Tutorial :Eval versus DataField in ASP:Datagrid


I have this really random problem with is bugging me. It works at the end of the day but the problem took some time to figure out and was wondering why this happens so if anyone shed some light on the subject I would be really grateful. Here is the problem

I have the following two columns on my datagrid

<asp:boundcolumn  datafield="contentsection.Id"  headerstyle-cssclass="dgHead"  headertext="Section"  itemstyle-cssclass="dgItem" />  


<asp:templatecolumn>  <itemtemplate><%#Eval("contentsection.Id") %></itemtemplate>  </asp:templatecolumn>  

The first column gives me the error of:

A field or property with the name 'contentsection.Id' was not found on the selected data source

but the second on runs fine. Any ideas or theories as to why this is happening ?

The way that I call and bind my data is like so:

Page Load Code Behind

ContentList.DataSource = ContentBlockManager.GetList();  ContentList.DataBind();  

The GetList() function it is overloaded and by default passed a 0

public static List<ContentBlockMini> GetList(int SectionId)  {      List<ContentBlockMini> myList = null;        SqlParameter[] parameters = { new SqlParameter("@ContentSectionId", SectionId) };        using (DataTableReader DataReader = DataAccess.GetDataTableReader("dbo.contentblock_get", parameters))      {          if (DataReader.HasRows)          {              myList = new List<ContentBlockMini>();          }          while (DataReader.Read())          {              myList.Add(FillMiniDataRecord(DataReader));          }      }        return myList;  }  

and my filling of the data record. The ContentSection is another Object Which is a property of the ContentBlock object

private static ContentBlockMini FillMiniDataRecord(IDataRecord DataRecord)          {              ContentBlockMini contentblock = new ContentBlockMini();                contentblock.Id = DataRecord.GetInt32(DataRecord.GetOrdinal("Id"));              contentblock.Name = DataRecord.GetString(DataRecord.GetOrdinal("Name"));              contentblock.SEOKeywords = DataRecord.IsDBNull(DataRecord.GetOrdinal("SEOKeywords")) ? string.Empty : DataRecord.GetString(DataRecord.GetOrdinal("SEOKeywords"));              contentblock.SEODescription = DataRecord.IsDBNull(DataRecord.GetOrdinal("SEODescription")) ? string.Empty : DataRecord.GetString(DataRecord.GetOrdinal("SEODescription"));              if (DataRecord.GetInt32(DataRecord.GetOrdinal("ContentSectionId")) > 0)              {                  ContentSection cs = new ContentSection();                  cs.Id = DataRecord.GetInt32(DataRecord.GetOrdinal("ContentSectionId"));                  cs.Name = DataRecord.IsDBNull(DataRecord.GetOrdinal("ContentSectionName")) ? string.Empty : DataRecord.GetString(DataRecord.GetOrdinal("ContentSectionName"));                  contentblock.contentsection = cs;                }              return contentblock;          }  

There you go that is pretty much the start to end.

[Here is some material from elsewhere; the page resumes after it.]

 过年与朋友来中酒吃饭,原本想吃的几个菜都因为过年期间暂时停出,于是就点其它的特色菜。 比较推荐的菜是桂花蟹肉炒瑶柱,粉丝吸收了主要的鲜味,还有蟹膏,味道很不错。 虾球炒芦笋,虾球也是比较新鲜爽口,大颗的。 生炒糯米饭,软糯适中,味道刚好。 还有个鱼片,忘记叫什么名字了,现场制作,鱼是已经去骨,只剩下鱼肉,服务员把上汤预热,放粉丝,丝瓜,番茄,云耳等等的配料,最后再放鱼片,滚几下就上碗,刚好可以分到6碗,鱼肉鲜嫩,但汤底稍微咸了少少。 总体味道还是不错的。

The "Bind" marker is a two-way bind and is made using the default namespace attached to the datasource of the object. This can't be overridden, and because of this tightly coupled connection the namespace should be left off as assumed (since it's dynamically pulled from the datasource).

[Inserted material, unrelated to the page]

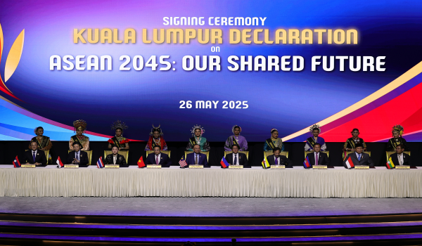 KUALA LUMPUR,27 Mei – Sidang Kemuncak ASEAN Ke-46 mencatat detik bersejarah apabila ASEAN secara rasmi melancarkan Deklarasi Kuala Lumpur mengenai ASEAN 2045: Masa Depan Bersama Kita,yang menjadi penanda aras baharu hala tuju pembangunan rantau ini bagi dua dekad akan datang.

Eval is a one-way binding that can be used with any namespace that will fulfill a proper evaluation. Dates, strings, method calls, etc. The namespace provided in your example just provides eval with a marker on where to get the data relevant.

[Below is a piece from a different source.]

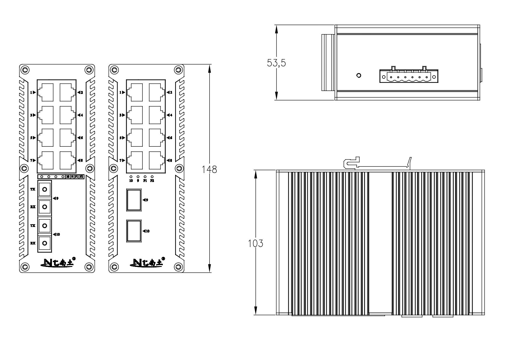 工業級(NT品牌)千兆非網管2光8電-SC接口單模雙纖20KM-導軌式-DC12~52V供電-寬溫(-40℃-85℃)默認不含AC電源適配器。 |

The key here is the nature of the binding. Eval is a "fire and forget" sort of binding where as Bind is more rigid to facilitate the two-way.


Databinding can only access "top level" properties on an object. For example, if my object is Company with simple properties CompanyId and Name and a child object for Address, databinding can only access CompanyId and Name, not Company.Address.City.

Eval can access child object properties if you import the namespace using an @Import page directive.


The DataField property approach isn't complicated enough to support dot notation; it expects a direct reference in your underlying data source; it takes that field and checks the data source, which it can't find it by the exact string.

The second approach, eval, is more dynamic, but actually I wasn't sure if it supported dot notation... learn something everyday.



It's necessary take a look to your DataSource, but you can do a simple test: convert the first column to a template column a try to Run.

In EntityFramework is possible Eval Properties using code like this: <%#Eval("Customer.Address.PostalCode") %>.

I dont know if it is your case, but if you provide more details about how to retrieve the DataSource we can help you.